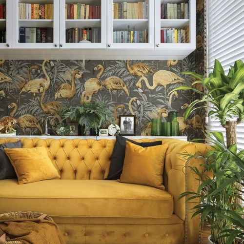 Zaczęło się od tapety w złote flamingi, którą Halina wypatrzyła w jednym z magazynów wnętrzarskich. Dzisiaj każdy się nią zachwyca, bo wygląda jak tkanina położona na ścianie. To przez nią musieli zamówić nową kanapę, obitą miodowomusztardowym pluszem – wcześniej wybrana biszkoptowa nie pasowała.
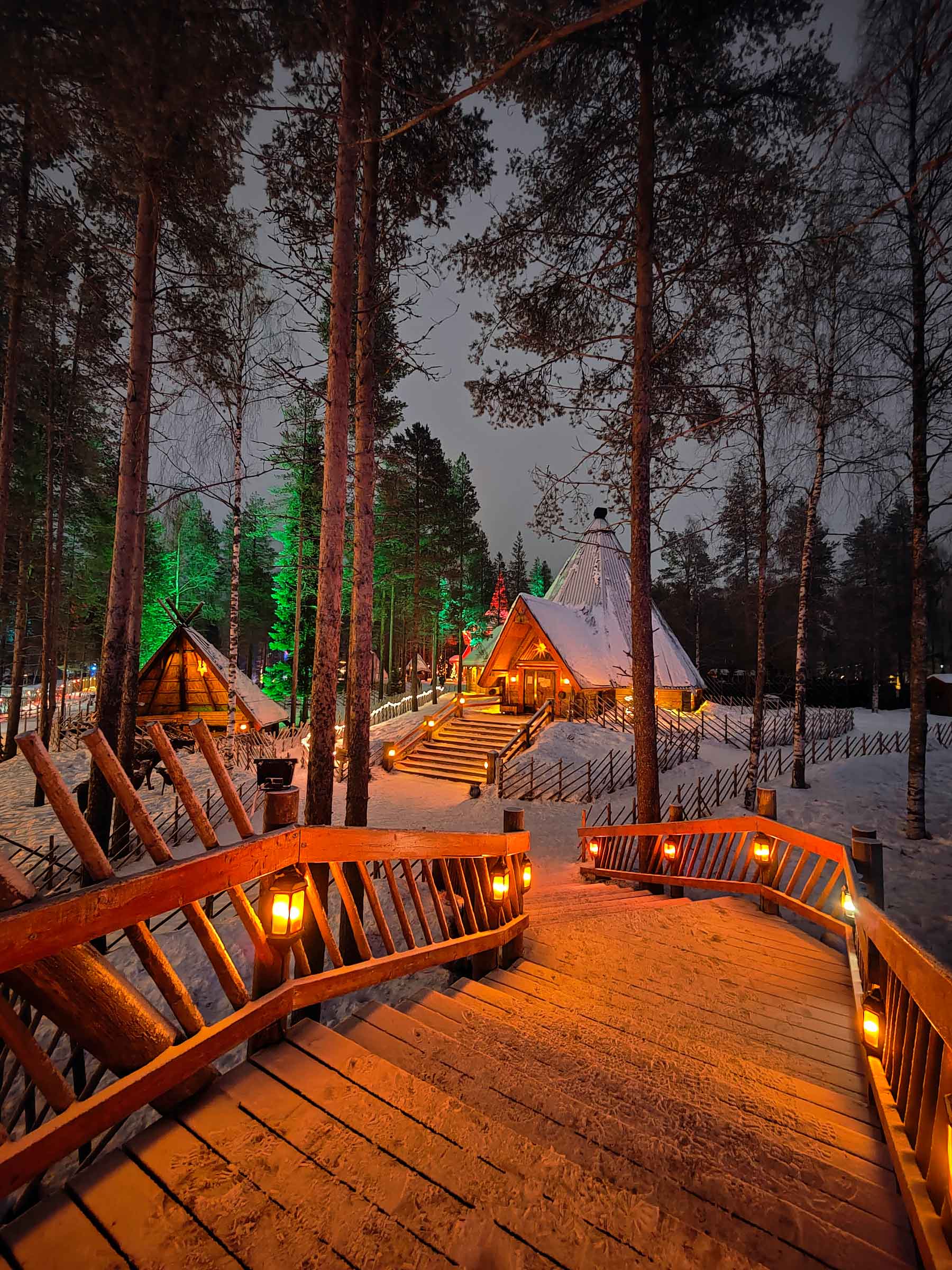 ‘S avonds is vrijwel alles dicht in Santa Claus Village en ligt de Kerstman al onder de wol. Toch blijft de sfeervolle kerstverlichting aan en omdat het park gratis toegankelijk is kun je er nog wel een foto op de poolcirkel maken of met een beetje geluk het noorderlicht fotograferen. Je kunt er ook overnachten in onderstaande accommodaties, die allemaal op of om het terrein van Santa Claus Village liggen:
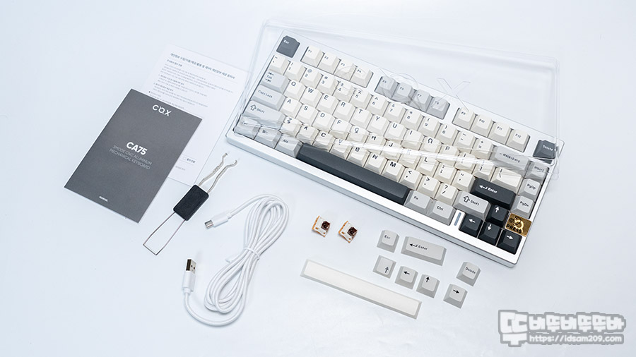 제품은 CA75 키보드 본체, 투명 블리스터 커버, 키캡&스위치 리무버, 교체용 키캡, USB-C to A 케이블, 여분 스위치 그리고 사용 설명서로 구성되어 있습니다.
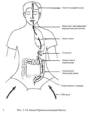 Левый Пронизывающий Канал начинается в левом яичке (у мужчин), проходит с левой стороны промежности, ануса, яичников (у женщин, по левой почке, через селезенку, сердце, левое легкое, левую пара щитовидную железу, щитовидную железу, левое ухо и глаз и левое полушарие мозга (рис. 1-14).
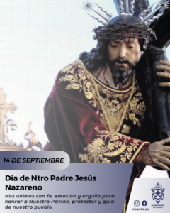 Feliz Día del Patrón: Nuestro Padre Jesús Nazareno El Ayuntamiento de Sisante celebra hoy, 14 de septiembre de 2025, una jornada muy especial para todos los vecinos y vecinas: el Día de Nuestro Padre Jesús
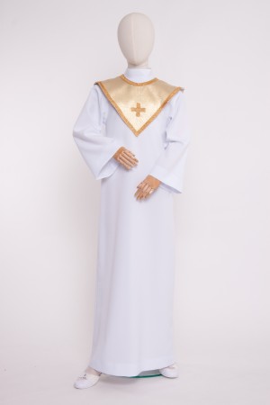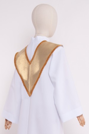 Die klassische Form des dreieckigen Kragens dieses Modells ist eine interessante Variation für Ministranten, Lektoren, Chor oder Kirchengruppenkleidung. Bei dem hier vorgestellten Modell handelt es sich um einen separat angebrachten Kragen in der Form eines Dreiecks, der schön mit einem Goldband verarbeitet wurde. Ohne Verschluss.
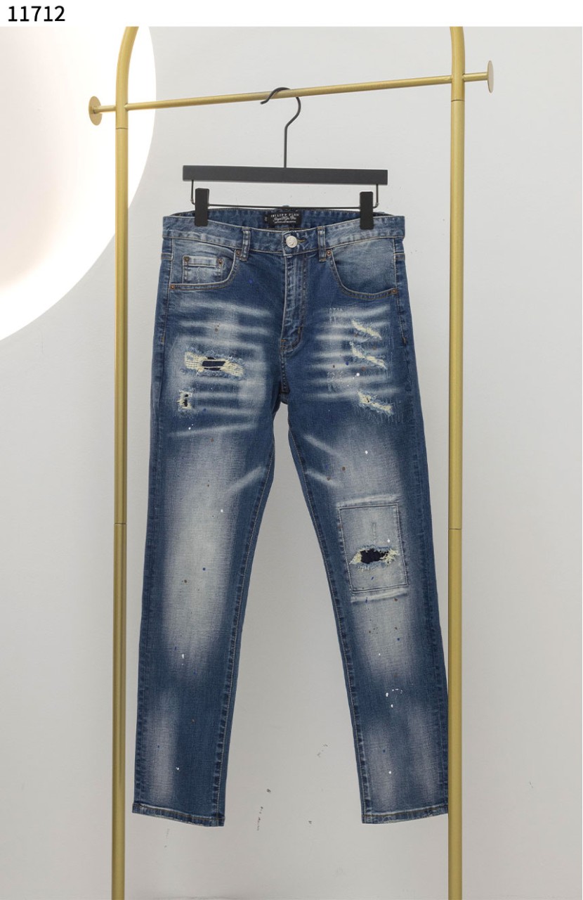 필립플레인 [PHILIPP PLEIN] 남성 페인팅 패치워크 일자 청바지
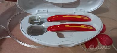 Vendo piatto pappa + posate+bicchiere,mai usato con zainetto
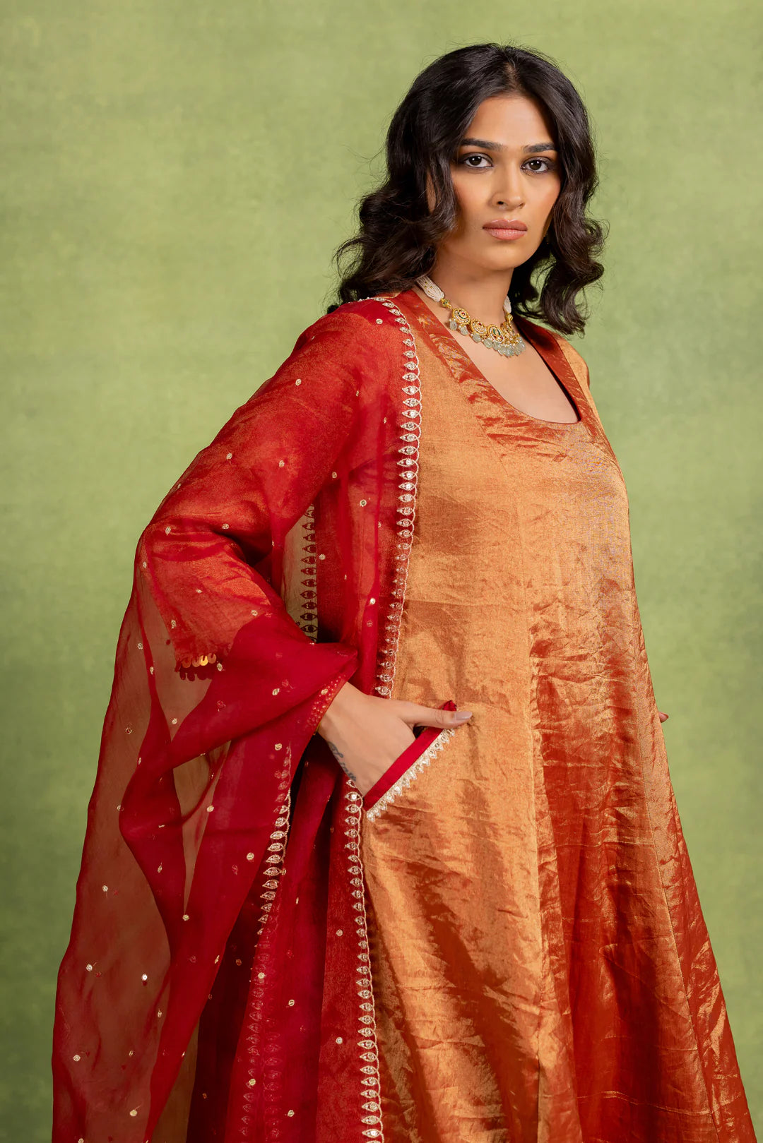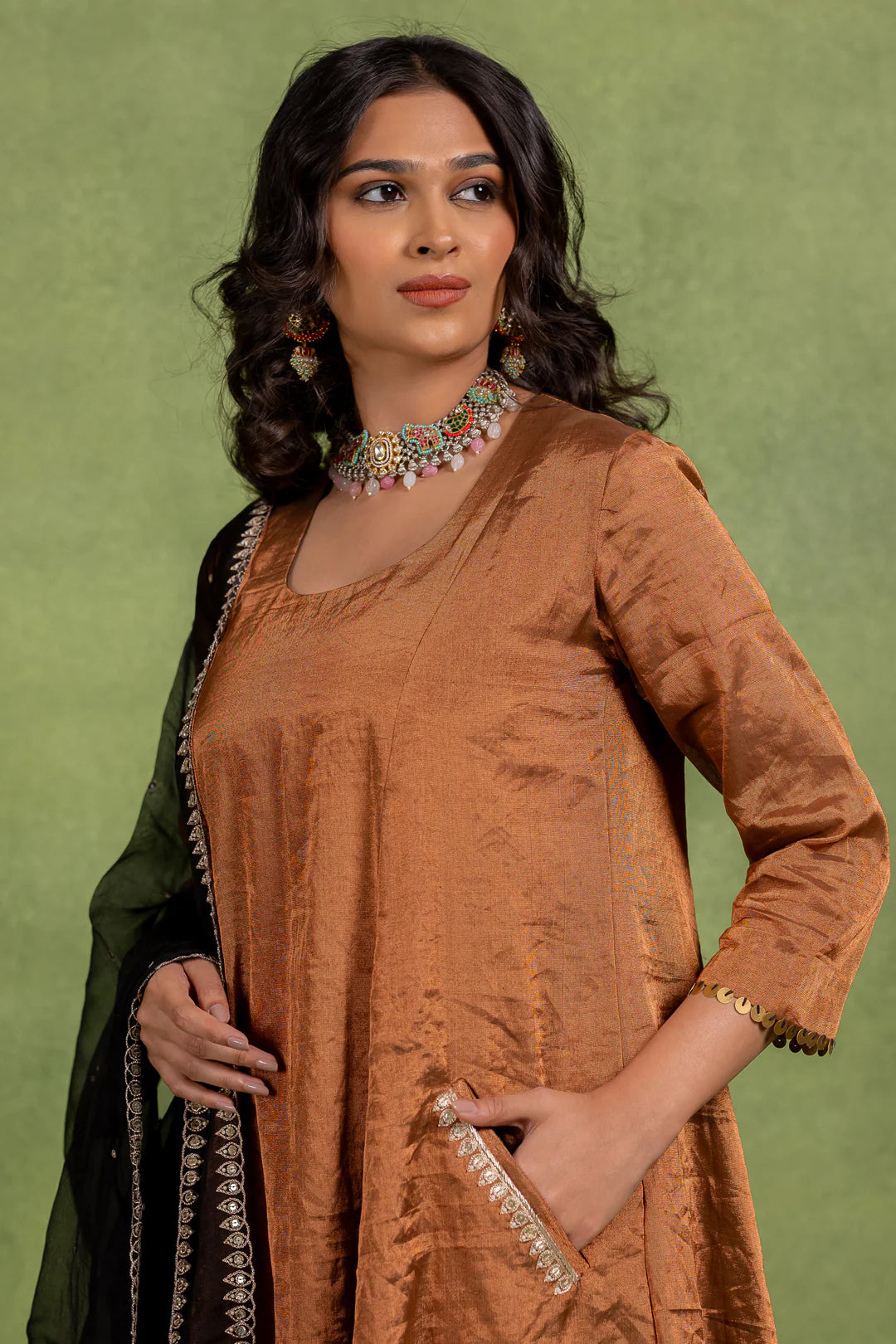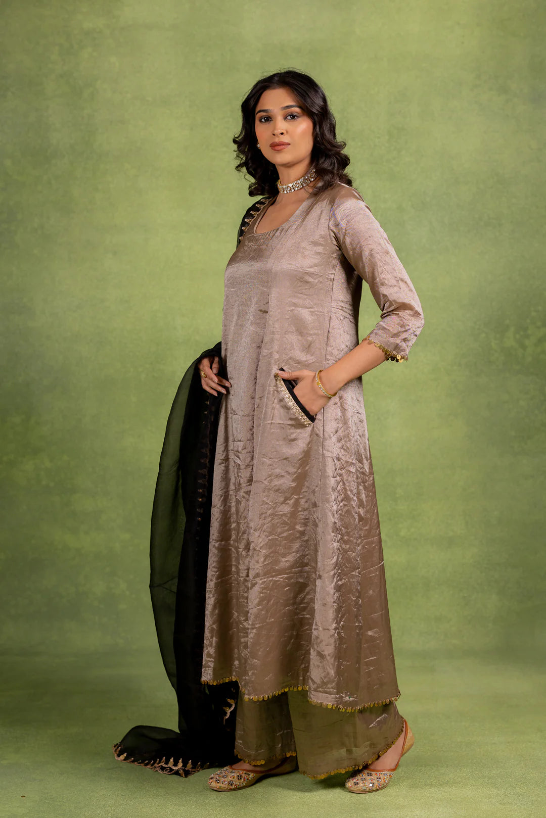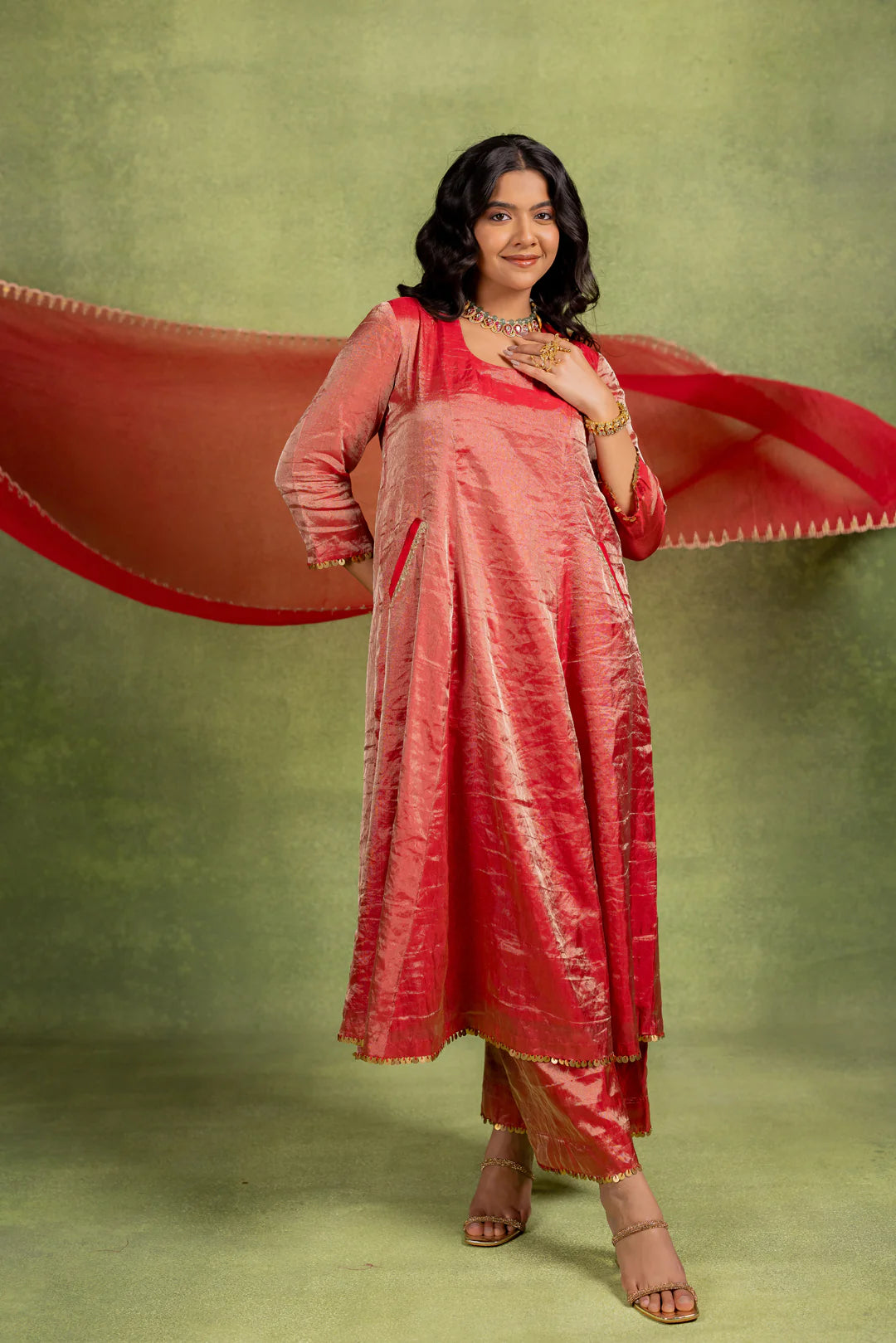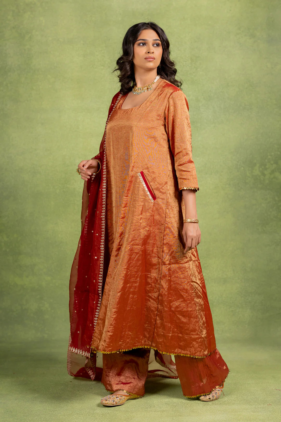 This Coord Set includes an A-line kurta and matching pant with hand-embroidered details on the pocket and dupatta.
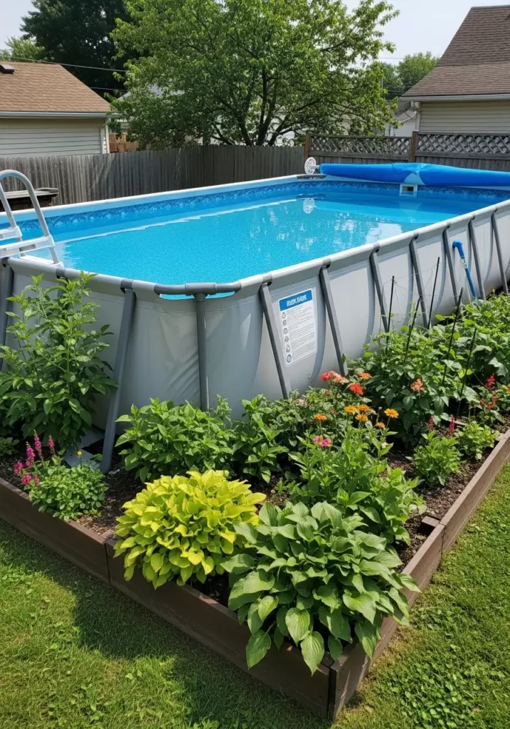 Frame your Intex pool area by building flower beds along your fence line. This makes the space feel like a beautiful garden retreat and adds color and life.
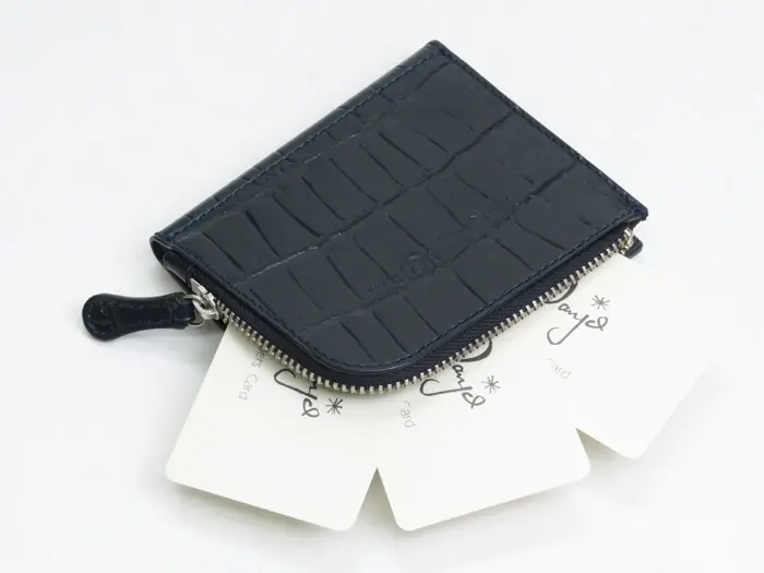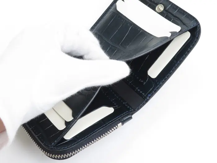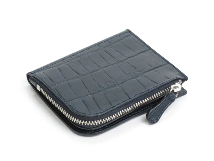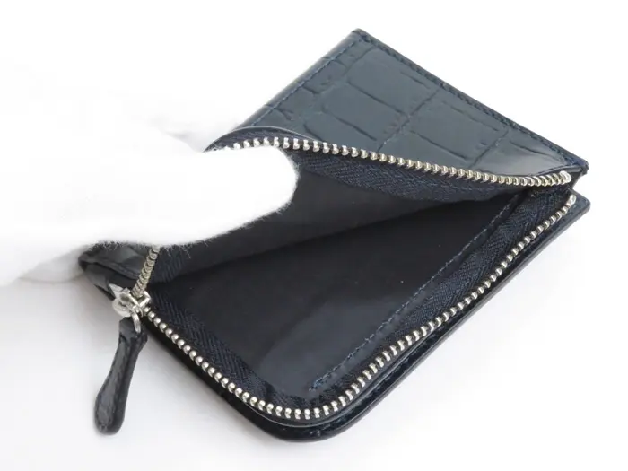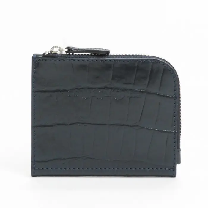 Felisi フェリージ クロコ型押し 二つ折り ミニ財布 NAVY
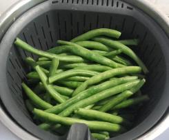 6. Posizionare il cestello con i fagiolini, chiudere il coperchio e posizionare il VAROMA cuocere varoma 13 Min. Vel. 1antiorario"antiorario" .
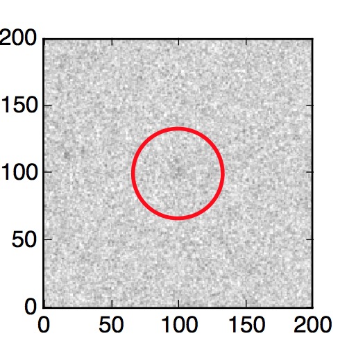 The red circle in the various panels is 1" in radius. The images are 6"x6".
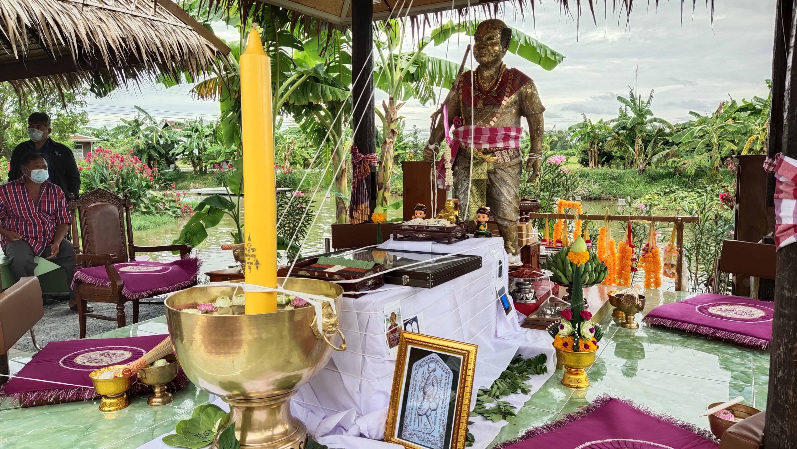 ที่ศาลพ่อขุนช้าง มหาเศรษฐี สวนกล้วยสุพรรณบุรี ชาวบ้านและสาวกหงส์แดงแฟนบอลลิเวอร์พูลสุพรรณบุรี ร่วมพิธีปลุกเสกวัตถุมงคล ขุนช้าง รุ่นแรก รวยเงินสด ที่ผ่านมามีชาวบ้านและนักท่องเที่ยวมาสักการะขอพรขอโชค ลาภและขอให้ค้าขายประสบความสำเร็จ คนที่มาขอพรพ่อขุนช้างแล้ว ประสบความสำเร็จ ก็จะนำเอา พืช ผัก ผลไม้ ข้าวของ เครื่องใช้ ผ้าขาวม้า น้ำแดง ทองคำและเงินสด มาแก้บนกันเป็นจำนวนมาก โดยส่วนหนึ่งทางสวนกล้วยได้นำไปบริจาคให้กับผู้ที่ได้รับความเดือดร้อนจากปัญหาโควิด19 แพร่ระบาด พิธีปลุกเสก พ่อขุนช้าง รุ่นแรก รวยเงินสด ได้รวบรวมสุดยอดมวลสารศักดิ์สิทธิ์ ด้านโภคทรัพย์เพื่อจัดสร้างวัตถุมงคล พ่อขุนช้าง รุ่นแรก รวยเงินสด เพื่อนำมาแจกให้กับประชาชน นักท่องเที่ยวและพ่อค้า แม่ค้า ที่มากราบสักการะขอพรพ่อขุนช้าง ภายในสวนกล้วยสุพรรณบุรี เพื่อเป็นที่ยึดเหนี่ยวทางจิตใจ เป็นกำลังใจให้ทุกคนได้ผ่านพ้นวิกกฤตเศรษฐกิจโควิด19ไปให้ได้
____________
* [Brief]:
Write out the data in full and exactly as given, though without the images.

* [Exercise output]:
 Zaczęło się od tapety w złote flamingi, którą Halina wypatrzyła w jednym z magazynów wnętrzarskich. Dzisiaj każdy się nią zachwyca, bo wygląda jak tkanina położona na ścianie. To przez nią musieli zamówić nową kanapę, obitą miodowomusztardowym pluszem – wcześniej wybrana biszkoptowa nie pasowała.
 ‘S avonds is vrijwel alles dicht in Santa Claus Village en ligt de Kerstman al onder de wol. Toch blijft de sfeervolle kerstverlichting aan en omdat het park gratis toegankelijk is kun je er nog wel een foto op de poolcirkel maken of met een beetje geluk het noorderlicht fotograferen. Je kunt er ook overnachten in onderstaande accommodaties, die allemaal op of om het terrein van Santa Claus Village liggen:
 제품은 CA75 키보드 본체, 투명 블리스터 커버, 키캡&스위치 리무버, 교체용 키캡, USB-C to A 케이블, 여분 스위치 그리고 사용 설명서로 구성되어 있습니다.
 Левый Пронизывающий Канал начинается в левом яичке (у мужчин), проходит с левой стороны промежности, ануса, яичников (у женщин, по левой почке, через селезенку, сердце, левое легкое, левую пара щитовидную железу, щитовидную железу, левое ухо и глаз и левое полушарие мозга (рис. 1-14).
 Feliz Día del Patrón: Nuestro Padre Jesús Nazareno El Ayuntamiento de Sisante celebra hoy, 14 de septiembre de 2025, una jornada muy especial para todos los vecinos y vecinas: el Día de Nuestro Padre Jesús
 Die klassische Form des dreieckigen Kragens dieses Modells ist eine interessante Variation für Ministranten, Lektoren, Chor oder Kirchengruppenkleidung. Bei dem hier vorgestellten Modell handelt es sich um einen separat angebrachten Kragen in der Form eines Dreiecks, der schön mit einem Goldband verarbeitet wurde. Ohne Verschluss.
 필립플레인 [PHILIPP PLEIN] 남성 페인팅 패치워크 일자 청바지
 Vendo piatto pappa + posate+bicchiere,mai usato con zainetto
 This Coord Set includes an A-line kurta and matching pant with hand-embroidered details on the pocket and dupatta.
 Frame your Intex pool area by building flower beds along your fence line. This makes the space feel like a beautiful garden retreat and adds color and life.
 Felisi フェリージ クロコ型押し 二つ折り ミニ財布 NAVY
 6. Posizionare il cestello con i fagiolini, chiudere il coperchio e posizionare il VAROMA cuocere varoma 13 Min. Vel. 1antiorario"antiorario" .
 The red circle in the various panels is 1" in radius. The images are 6"x6".
 ที่ศาลพ่อขุนช้าง มหาเศรษฐี สวนกล้วยสุพรรณบุรี ชาวบ้านและสาวกหงส์แดงแฟนบอลลิเวอร์พูลสุพรรณบุรี ร่วมพิธีปลุกเสกวัตถุมงคล ขุนช้าง รุ่นแรก รวยเงินสด ที่ผ่านมามีชาวบ้านและนักท่องเที่ยวมาสักการะขอพรขอโชค ลาภและขอให้ค้าขายประสบความสำเร็จ คนที่มาขอพรพ่อขุนช้างแล้ว ประสบความสำเร็จ ก็จะนำเอา พืช ผัก ผลไม้ ข้าวของ เครื่องใช้ ผ้าขาวม้า น้ำแดง ทองคำและเงินสด มาแก้บนกันเป็นจำนวนมาก โดยส่วนหนึ่งทางสวนกล้วยได้นำไปบริจาคให้กับผู้ที่ได้รับความเดือดร้อนจากปัญหาโควิด19 แพร่ระบาด พิธีปลุกเสก พ่อขุนช้าง รุ่นแรก รวยเงินสด ได้รวบรวมสุดยอดมวลสารศักดิ์สิทธิ์ ด้านโภคทรัพย์เพื่อจัดสร้างวัตถุมงคล พ่อขุนช้าง รุ่นแรก รวยเงินสด เพื่อนำมาแจกให้กับประชาชน นักท่องเที่ยวและพ่อค้า แม่ค้า ที่มากราบสักการะขอพรพ่อขุนช้าง ภายในสวนกล้วยสุพรรณบุรี เพื่อเป็นที่ยึดเหนี่ยวทางจิตใจ เป็นกำลังใจให้ทุกคนได้ผ่านพ้นวิกกฤตเศรษฐกิจโควิด19ไปให้ได้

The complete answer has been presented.